-------- Data shown
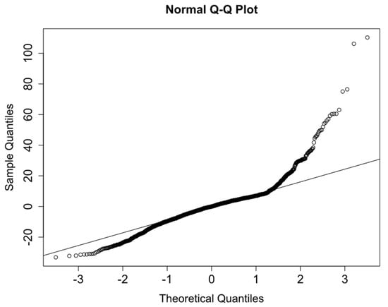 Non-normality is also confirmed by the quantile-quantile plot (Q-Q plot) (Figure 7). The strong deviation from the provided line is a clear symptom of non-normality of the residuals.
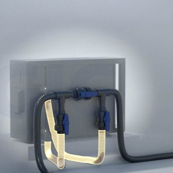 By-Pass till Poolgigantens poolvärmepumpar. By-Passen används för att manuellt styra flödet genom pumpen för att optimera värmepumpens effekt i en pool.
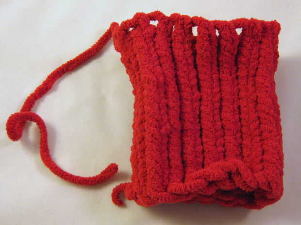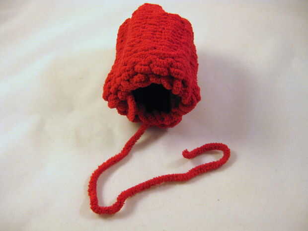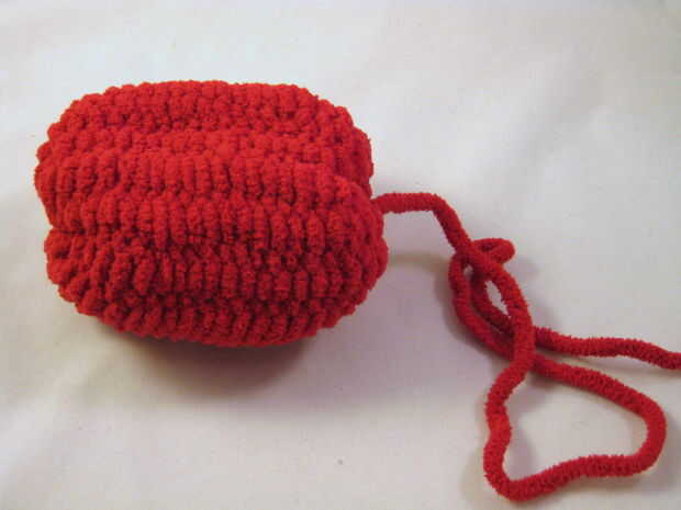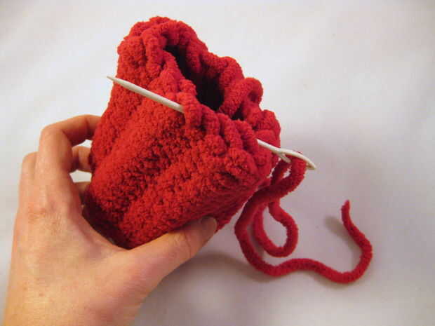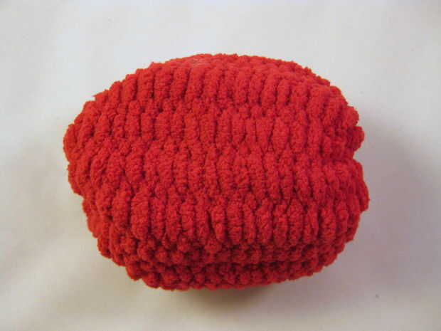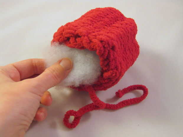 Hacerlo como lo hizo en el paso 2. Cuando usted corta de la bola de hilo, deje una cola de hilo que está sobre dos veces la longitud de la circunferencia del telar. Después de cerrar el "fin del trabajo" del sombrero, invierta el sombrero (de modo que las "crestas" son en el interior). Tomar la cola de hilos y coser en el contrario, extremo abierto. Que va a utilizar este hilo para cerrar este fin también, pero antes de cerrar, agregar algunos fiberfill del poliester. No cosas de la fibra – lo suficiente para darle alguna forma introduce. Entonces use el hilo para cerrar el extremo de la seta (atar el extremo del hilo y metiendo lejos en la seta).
----------------
Only the lines from the top of the data through the line with "By-Pass till Poolgigantens" should be quoted, exactly and with both ends kept; skip the pictures.

 Non-normality is also confirmed by the quantile-quantile plot (Q-Q plot) (Figure 7). The strong deviation from the provided line is a clear symptom of non-normality of the residuals.
 By-Pass till Poolgigantens poolvärmepumpar. By-Passen används för att manuellt styra flödet genom pumpen för att optimera värmepumpens effekt i en pool.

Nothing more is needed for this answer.